The thresholding-based algorithm works by first clipping the intensity values between the maximum intensity in one patient’s CT image volume and 200 HU above that maximum. The standard deviation of each axial slice is then computed and peak detection is performed on the standard deviations of each axial slice using the scipy find_peaks function in a similar manner to the SBD peak detection step. A peak, defined as a slice with a standard deviation higher than its adjacent slices, is detected if it has a value σi > μV + 1.5σV, where μV is the mean of the slice standard deviations for that patient volume and σV is the standard deviation of the slice standard deviations for that patient. If any peaks are detected, the algorithm simply returns the indices of those peaks for that patient. Otherwise, the lower bound of the clipping range is decreased by 50 HU and the process is repeated for the patient until at least one peak is found.
Combined SBD-CNN Three-Class DA Classifier
Classification of dental artifacts was performed using our two-step algorithm combining a sinogram-based detection (SBD) method with a convolutional neural network (CNN). Each image volume was classified by both the SBD and the CNN. A decision tree was used to classify images into no, weak and strong artifact categories (Figure 3). In other words, if an image volume is classified as DA positive by the SBD and DA positive by the CNN, it is classified as “strong”. If an image is classified as DA negative by the SDB and DA positive by the CNN it is classified as “weak”.
Radiomic Feature Analysis
The relationship between quantitative imaging features and the existence and location of dental artifacts was studied. Radiomic features were extracted using the default settings of the open-source Python package, PyRadiomics (version 2.1.2) [13,14]. Features were extracted from the GTV of each patient in the dataset. We rescaled all features such that each feature had zero mean and unit variance across all patients. This reduces the inter-feature variation due to different units, allowing us to compare only the distributions of data between features. A GTV mask was created for each patient based on contours generated by radiation oncologists. The mask was then applied to the original image, setting all pixels outside of the GTV to zero. Amongst the full set of 3,211 image volumes, 2,490 contained a GTV. The GTVs from these volumes were extracted and used to compute 1,547 radiomic features using the default parameters of the PyRadiomic package.
The axial (z-axis) slice index of the dental artifact was manually labelled for each patient as described above. The z-index of the DA was defined to be the slice with the strongest visible artifact streaks, or the most central slice in cases where no slice was obviously brightest. In cases where no DA was present, the z-index of the mouth was labelled. All images and GTV masks were resampled to 1×1×1 mm voxel spacing and the physical z-distance between the DA centre and GTV centre was calculated. The location of the GTV pixel nearest to the DA slice was also extracted for further analysis.

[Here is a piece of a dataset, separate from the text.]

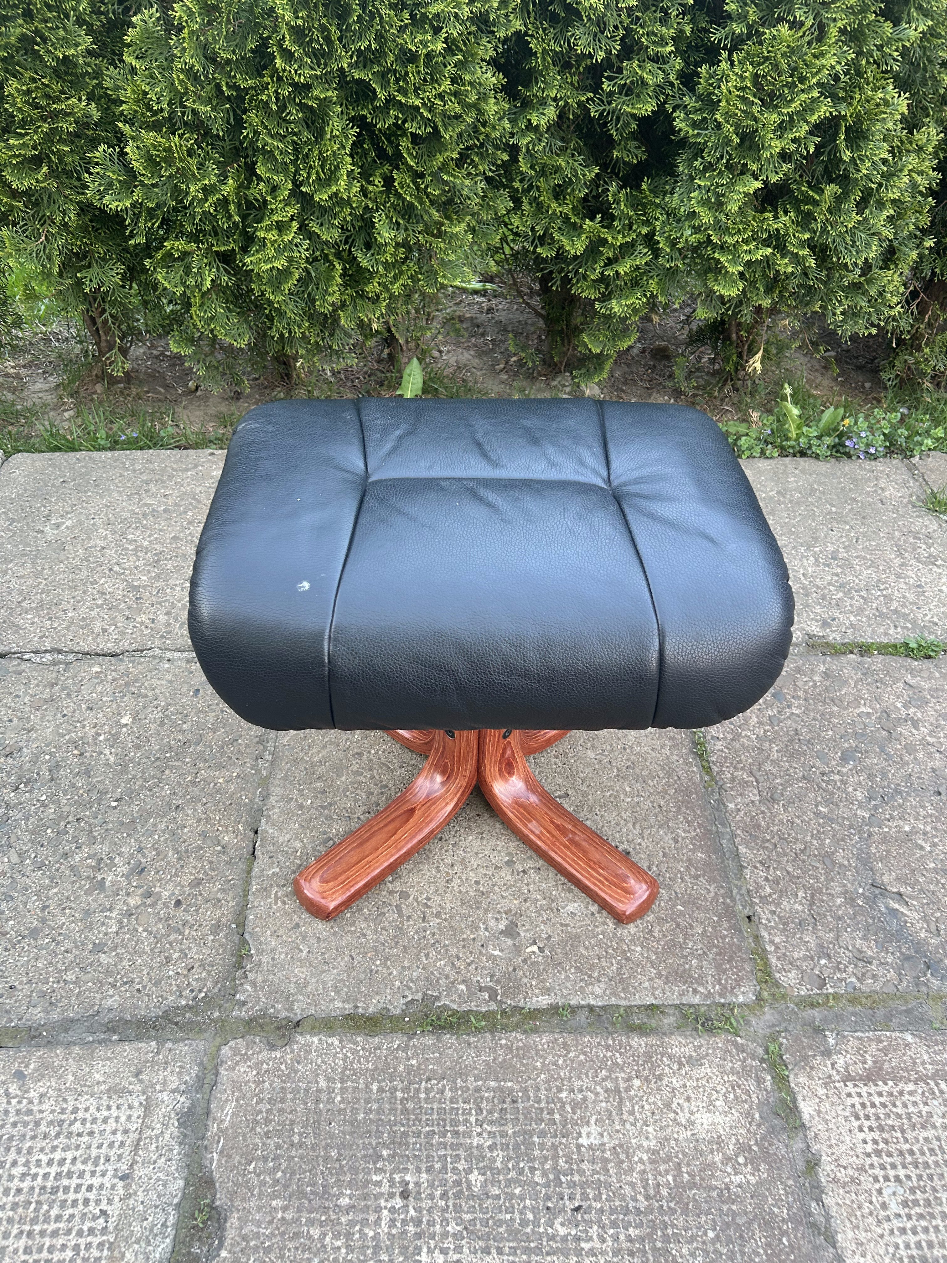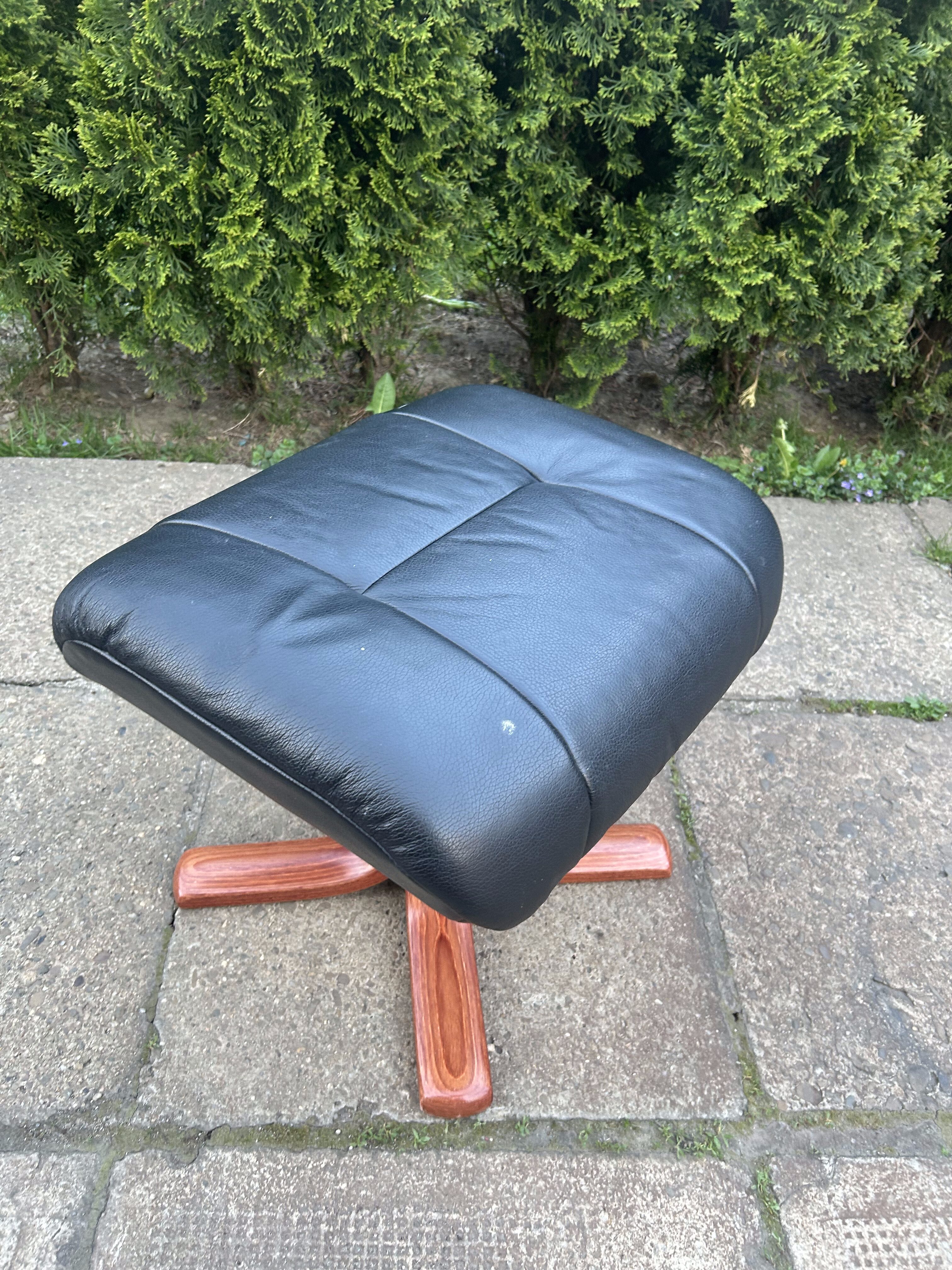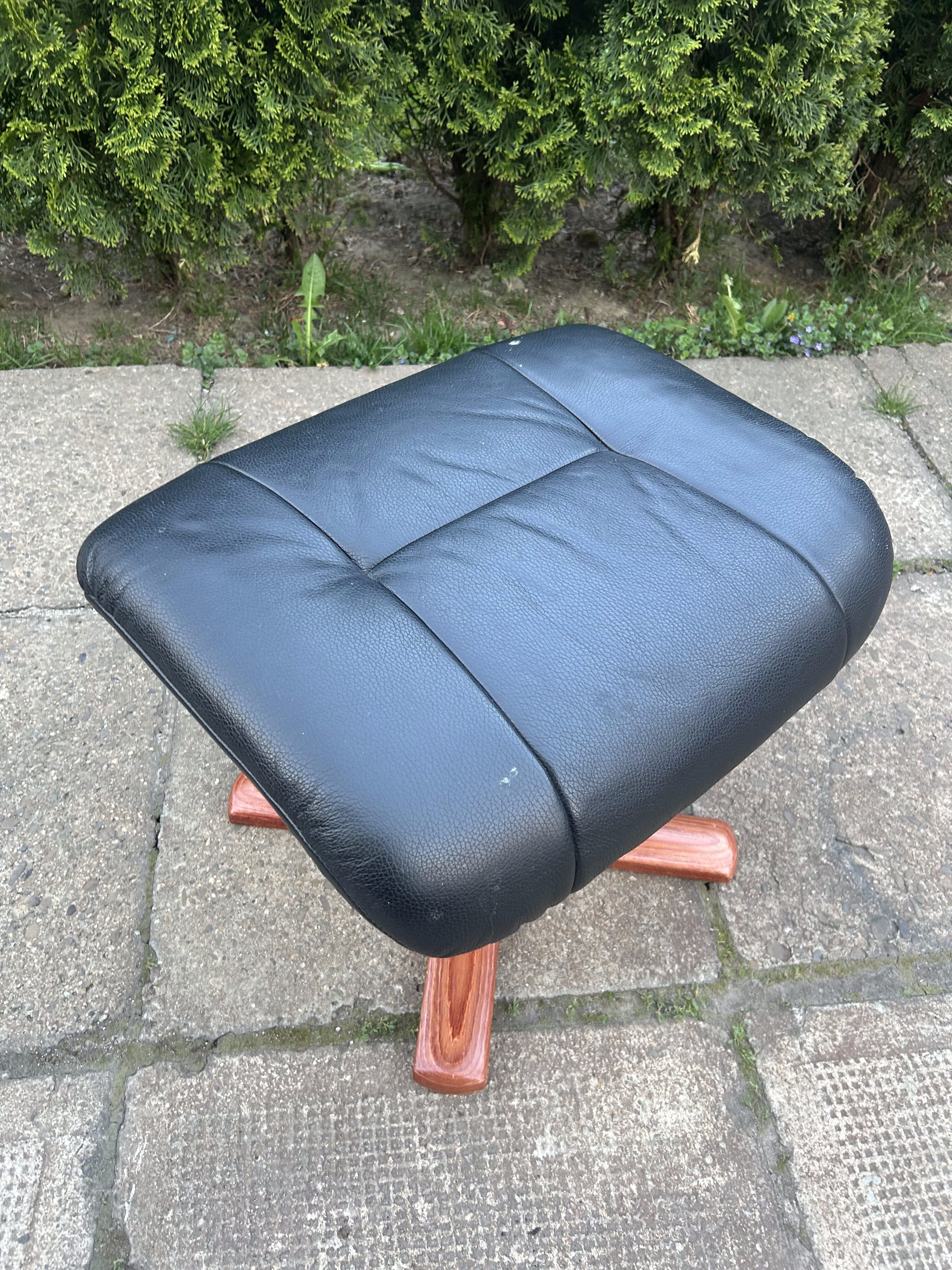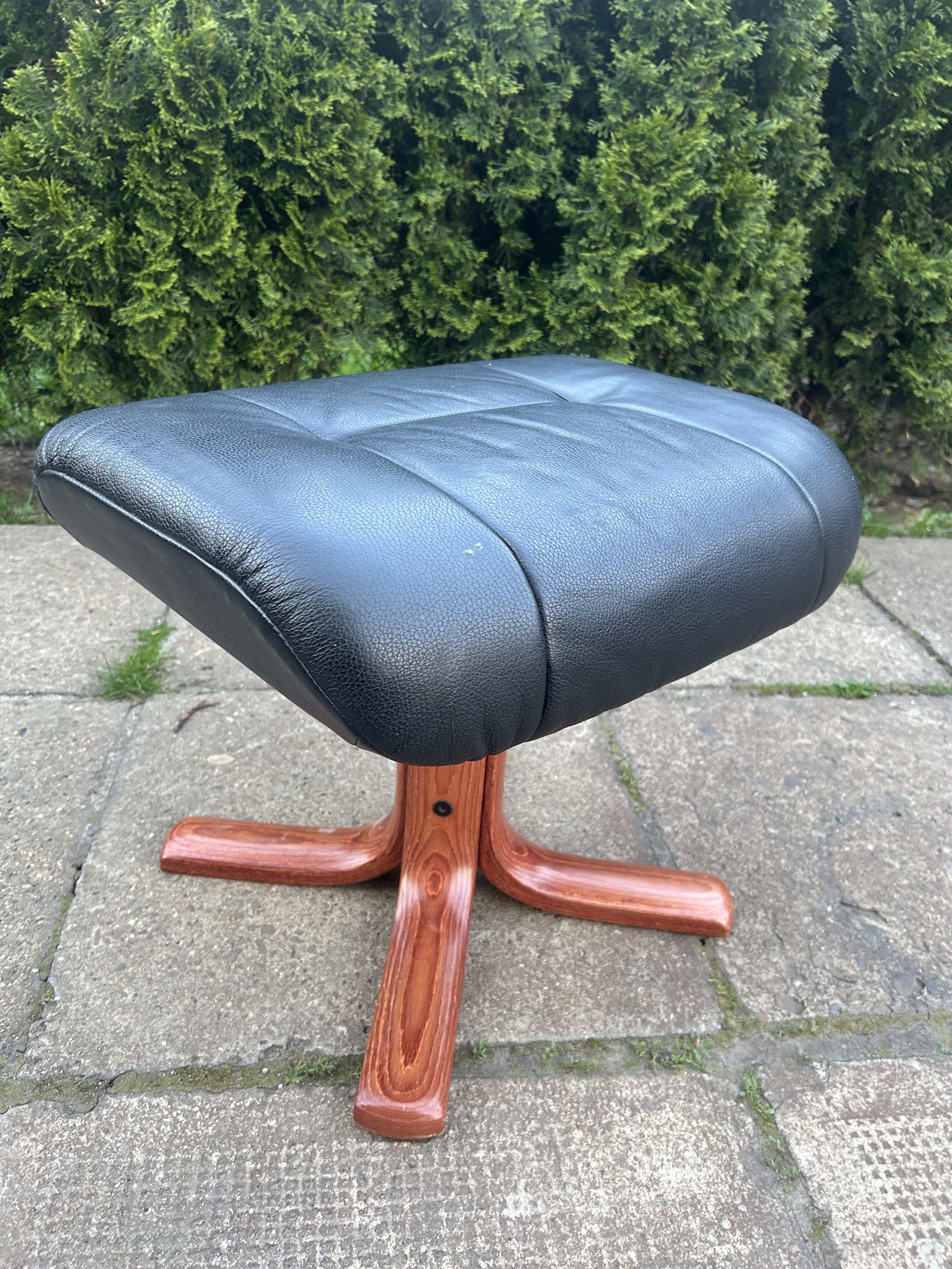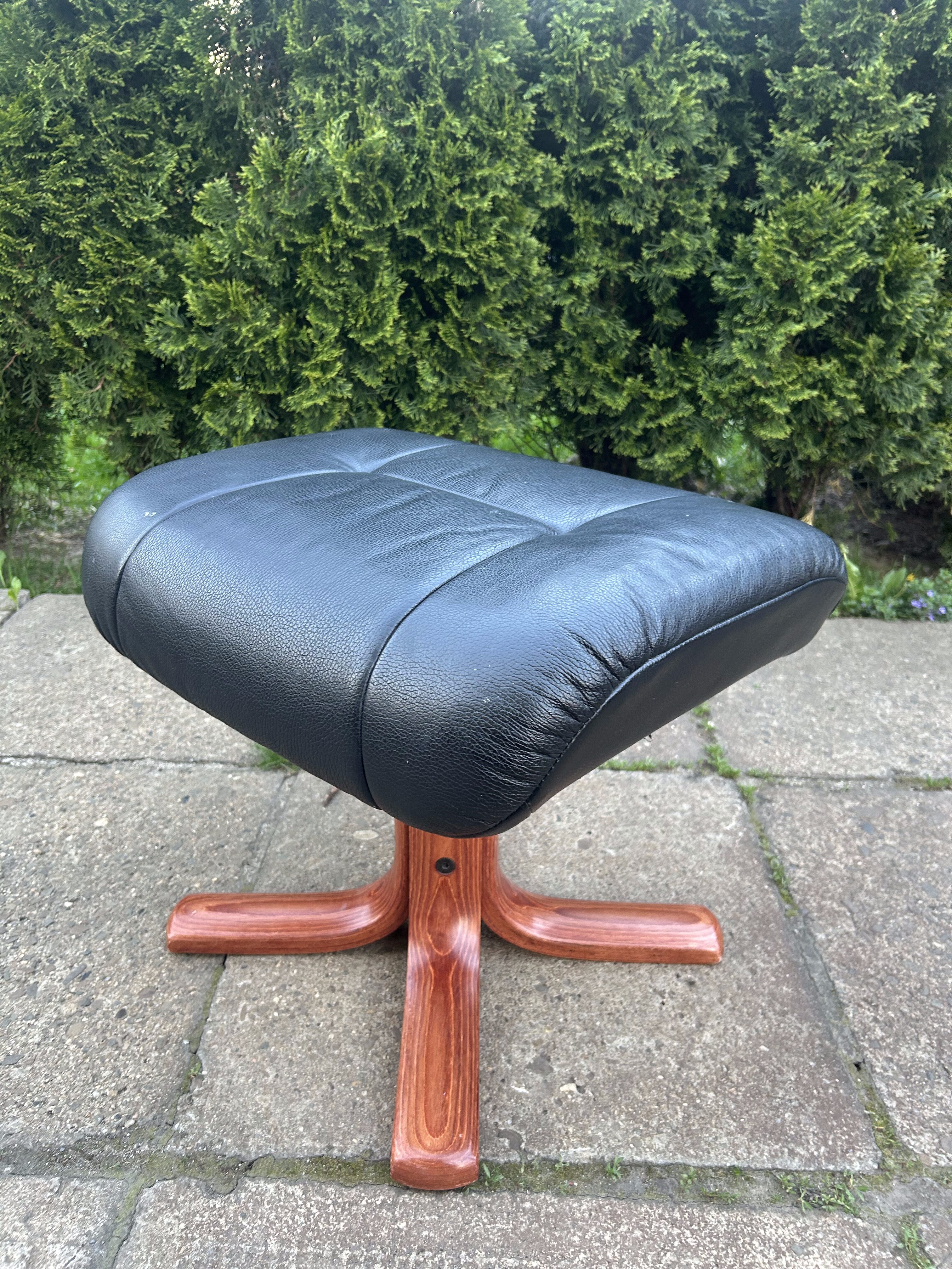 Wygodna i solidna pufa pełniąca również funkcję podnóżka, wykonana z czarnej skóry oraz osadzona na efektownej, drewnianej podstawie w kształcie litery X. Elegancki wygląd i praktyczne wymiary sprawiają, że świetnie sprawdzi się zarówno w salonie, gabinecie, jak i sypialni. Idealny dodatek do fotela relaksacyjnego.

The difference in the distribution of radiomic feature values between strong DA and no DA images with respect to DA-GTV distances, was evaluated. The image volumes were grouped into 40mm DA-GTV distance bins and a Wilcoxon rank-sum test between image features from volumes with strong DAs and image volumes with no DAs was performed. We used the Bonferroni correction for adjusting the nominal p-values of each correlation for multiple testing. A Bonferroni-corrected p-value < 0.05 was considered significant. The relationship between DA-GTV z-distance and the radiomic features was investigated using all 2,490 patient volumes containing GTVs. For each feature, the partial Spearman correlation (adjusted for tumor volume) between the feature values and DA-GTV distances was computed independently for each DA magnitude (1,039 strong, 751 weak, 877 none). This was repeated for both measures of DA-GTV distance (GTV centre of mass and GTV pixel nearest to the DA).
Performance Assessment
We primarily used two metrics to assess the accuracy of our prediction models.: the Matthews correlation coefficient (MCC) and the Area Under the Receiver Operating Characteristic Curve (AUC). The MCC is equivalent to the Chi-square coefficient for binary labels and accounts for the potential class imbalance. We found the MCC to be a useful metric for DA detection, as an effective dataset cleaning tool should have a high accuracy and a low false-negative rate (the rate at which a classifier fails to detect DAs when they are present). The MCC can also be generalized to multiclass cases, allowing us to compare the performance of our binary and three-class classifiers.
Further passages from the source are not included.